Research
Department faculty members and students (doctoral, masters and undergraduate) work in the following labs and centers:
- Applied DSP Research Laboratory
- Computer Network Research Laboratory
- Robotics and Intelligent Control Systems (RICS) Lab
- VLSI CAD & Signal Integrity Laboratory
The following are examples of current research projects.
An Aquatic Robot for Lionfish Remediation—AARISE
Dr. Myler's project goal is to develop a marine robot capable of locating, identifying and tracking invasive red lionfish (Pterois volitans). The robot accomplishes this using a deep learning machine vision algorithm as shown in this photo where a tracking circle has been applied to a detected lionfish.
Developing Signal Analysis Tools Capable of Detecting Changes in Brain Activity
Dr. Gleb Tcheslavski’s project goal is to develop signal analysis tools capable of detecting changes in human brain activity associated with perceiving visual (light, color, specific objects, etc.) or audible (sounds, speech, etc.) information. Such tools may be instrumental for the future assistive technology helping vision- or hearing-impaired people.
Networking Architecture and Protocols for Space Networks and Solar System Internetwork
This project focuses on a study and development of a disruption-/delay-tolerant networking (DTN) architecture and protocols to provide Internet-type of data delivery services in a challenging communications environment such as in space and solar system.
Designing a Resilient Cyber-Physical Energy Infrastructure
Dr. Barzegaran's project is funded by the Center for Advances in Port Management. We are designing, analyzing and enhancing the resiliency and reliability of a port energy, communication and structural infrastructure, according to the vulnerability of southeast Texas to natural threats. A nonintrusive cyber-physical cogeneration system in under development for port and coastal areas with the focus on resiliency and reliability.

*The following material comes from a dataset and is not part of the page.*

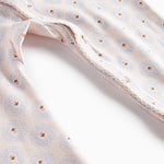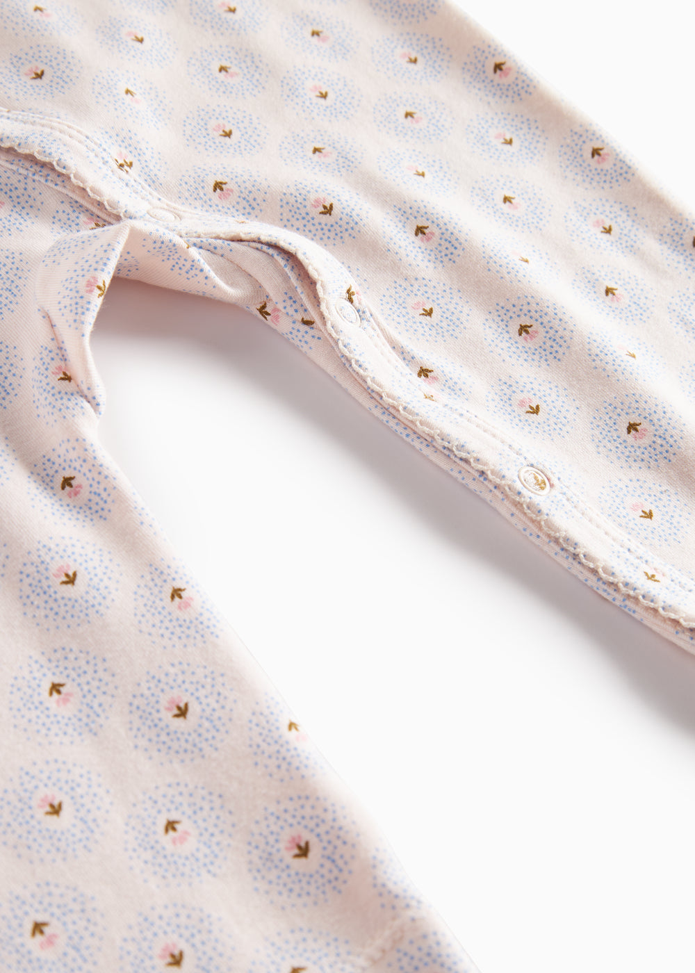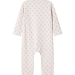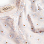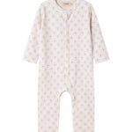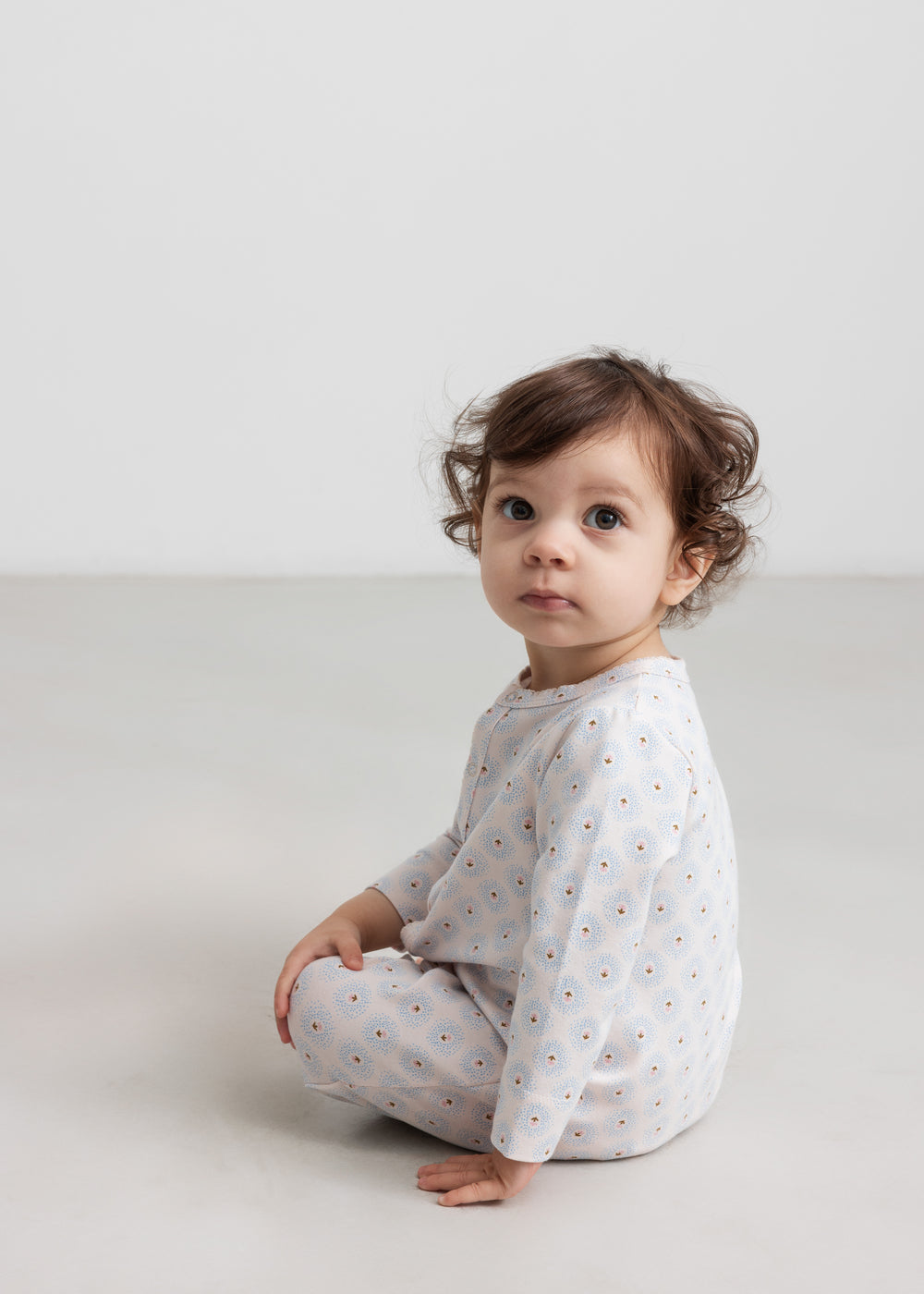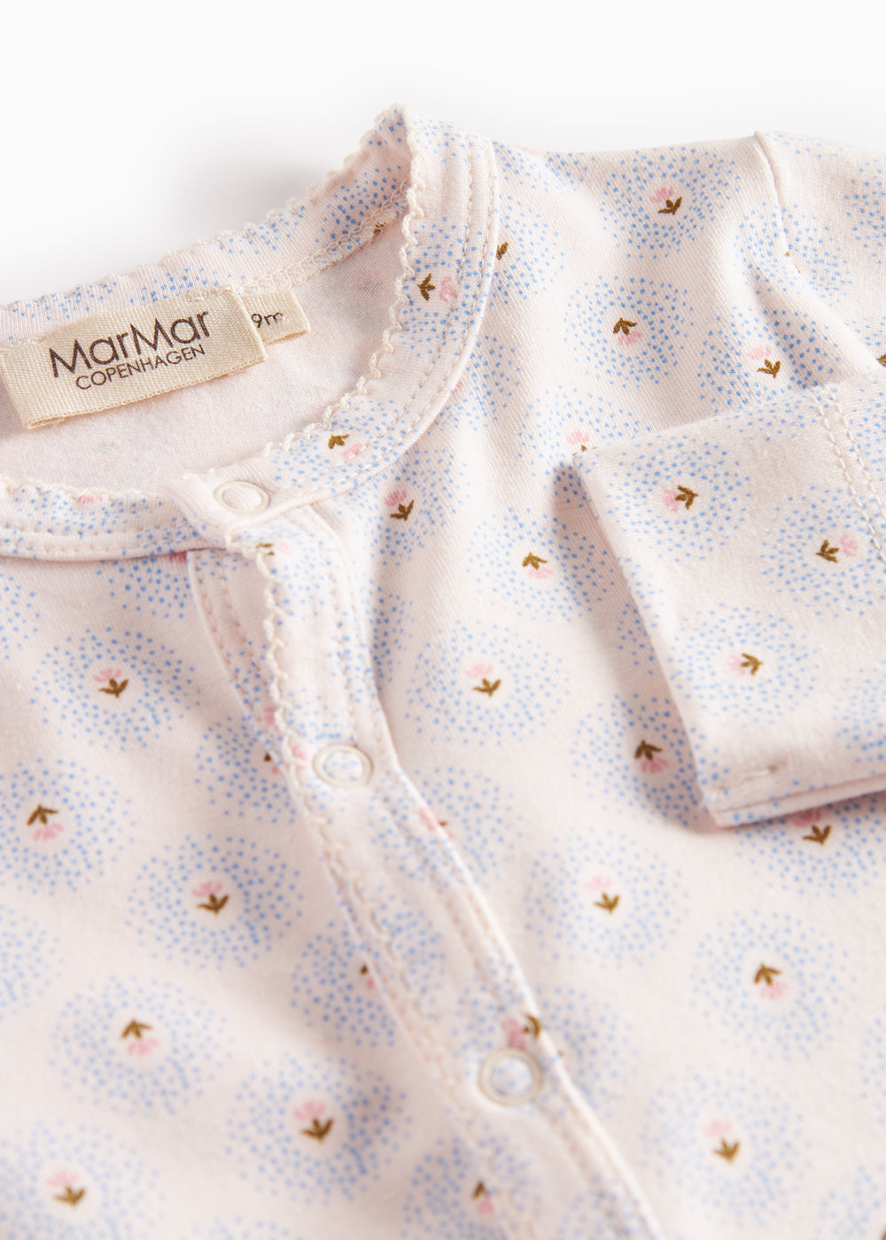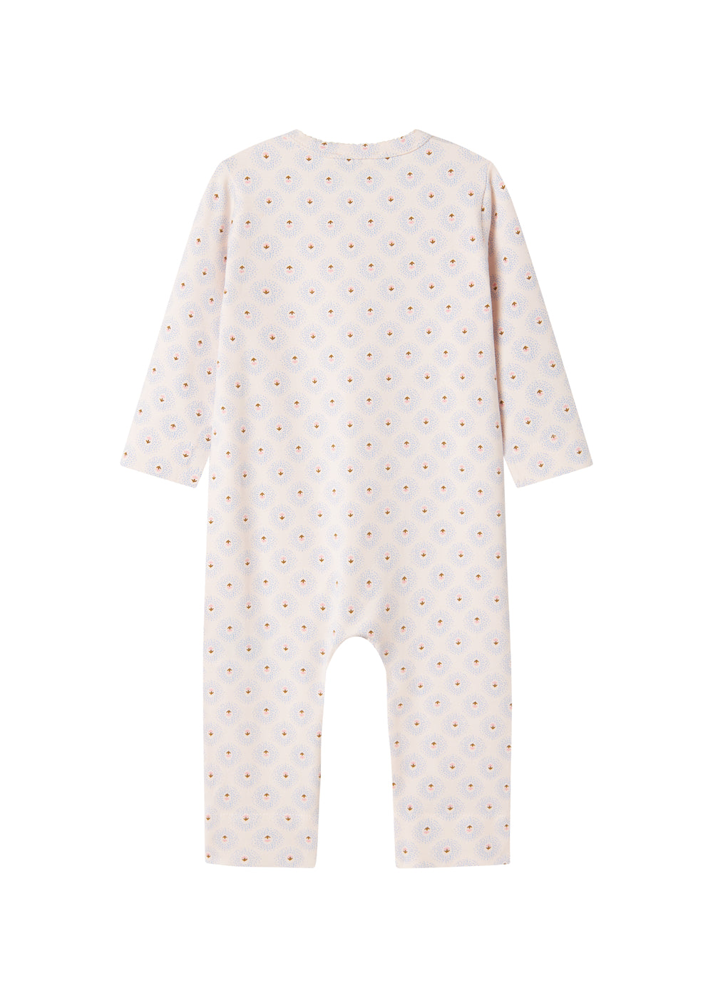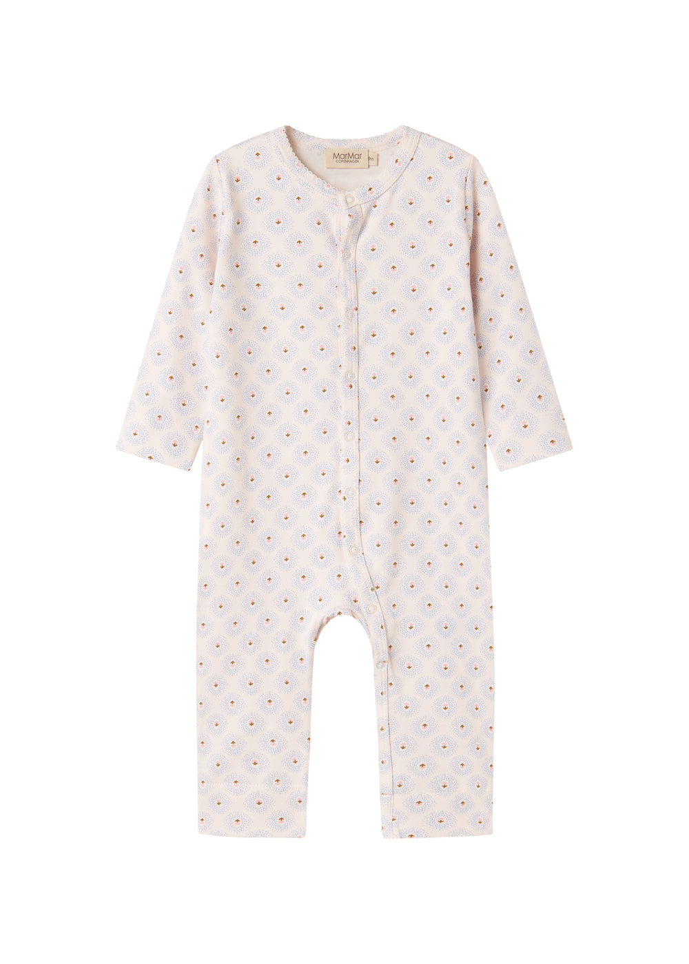 Spacious baby jumpsuit with snap closure all the way from neckline to trouser leg. The jumpsuit can be unbuttoned all the way up one leg for easy diaper changes. The jumpsuit has a nice print and is both soft, stretchy and comfortable to wear.

The Impact of Temperature on Chip Radiation Tolerance
Dr. Sayil's project examines circuit sensitivity to radiation and how it is continuously increasing as transistors are getting smaller and operating at lower voltages. On the other hand, heat generation in microchip circuits has increased rapidly due to same scaling trends. This project aims to study the effect of temperature on various radiation mechanisms such as radiation induced glitches, delay and coupling effects and compensate the thermal effects.